- [RAW DATA]
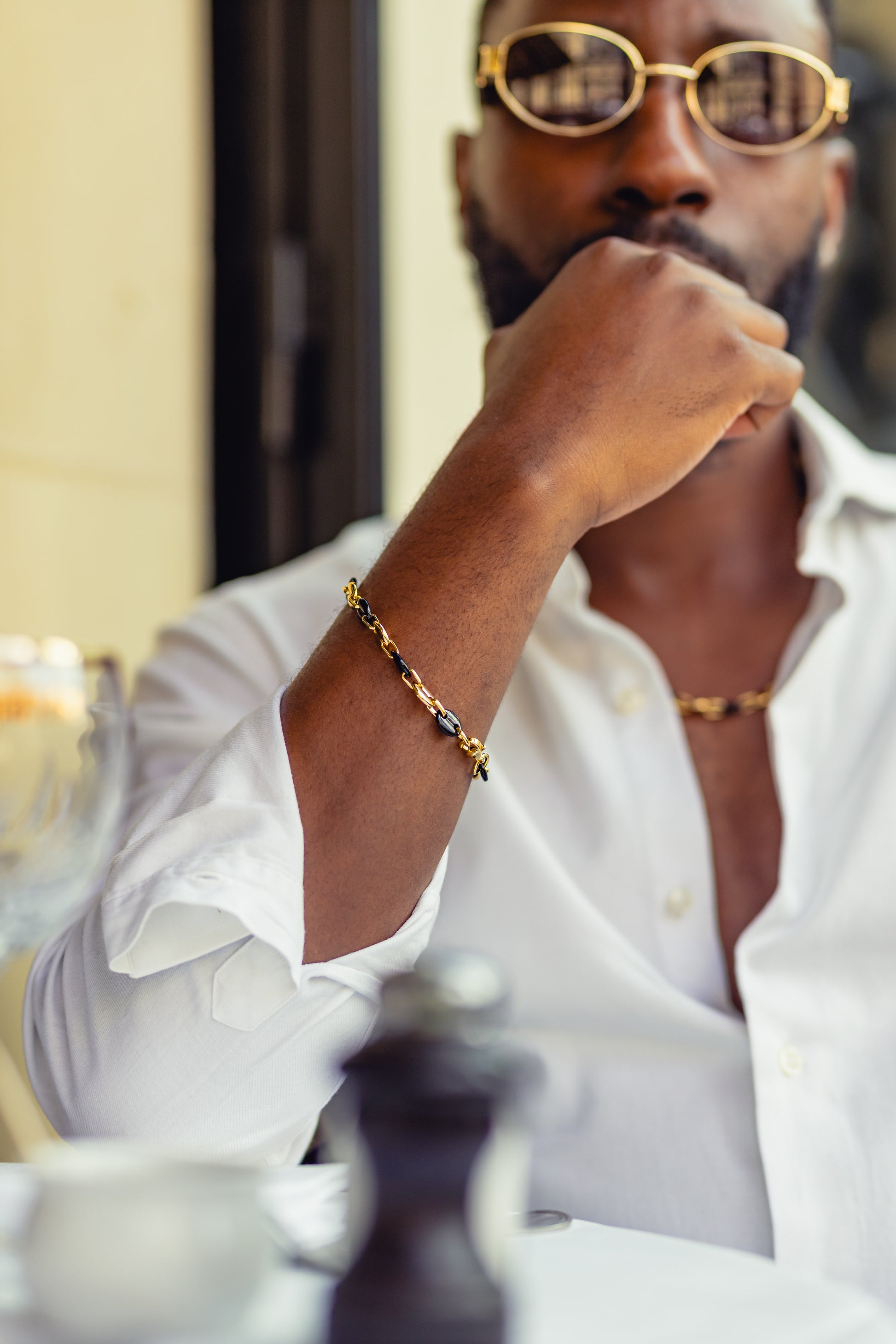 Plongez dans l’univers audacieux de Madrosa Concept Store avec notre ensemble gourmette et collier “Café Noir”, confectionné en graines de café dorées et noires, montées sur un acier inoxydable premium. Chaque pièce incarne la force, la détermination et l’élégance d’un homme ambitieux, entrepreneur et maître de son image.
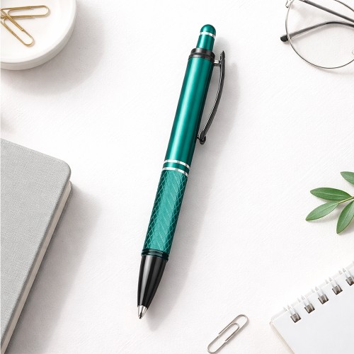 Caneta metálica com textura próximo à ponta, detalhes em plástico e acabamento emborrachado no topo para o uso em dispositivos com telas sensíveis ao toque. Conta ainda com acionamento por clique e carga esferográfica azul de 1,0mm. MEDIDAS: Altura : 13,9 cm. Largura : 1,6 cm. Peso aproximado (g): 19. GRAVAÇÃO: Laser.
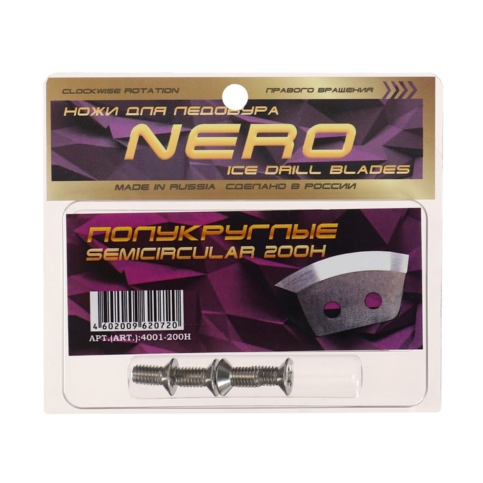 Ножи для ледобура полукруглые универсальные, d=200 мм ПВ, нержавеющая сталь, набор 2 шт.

- [PROBLEM DETAILS] Return the material word for word, images omitted.

- [FINAL ANSWER]
 Plongez dans l’univers audacieux de Madrosa Concept Store avec notre ensemble gourmette et collier “Café Noir”, confectionné en graines de café dorées et noires, montées sur un acier inoxydable premium. Chaque pièce incarne la force, la détermination et l’élégance d’un homme ambitieux, entrepreneur et maître de son image.
 Caneta metálica com textura próximo à ponta, detalhes em plástico e acabamento emborrachado no topo para o uso em dispositivos com telas sensíveis ao toque. Conta ainda com acionamento por clique e carga esferográfica azul de 1,0mm. MEDIDAS: Altura : 13,9 cm. Largura : 1,6 cm. Peso aproximado (g): 19. GRAVAÇÃO: Laser.
 Ножи для ледобура полукруглые универсальные, d=200 мм ПВ, нержавеющая сталь, набор 2 шт.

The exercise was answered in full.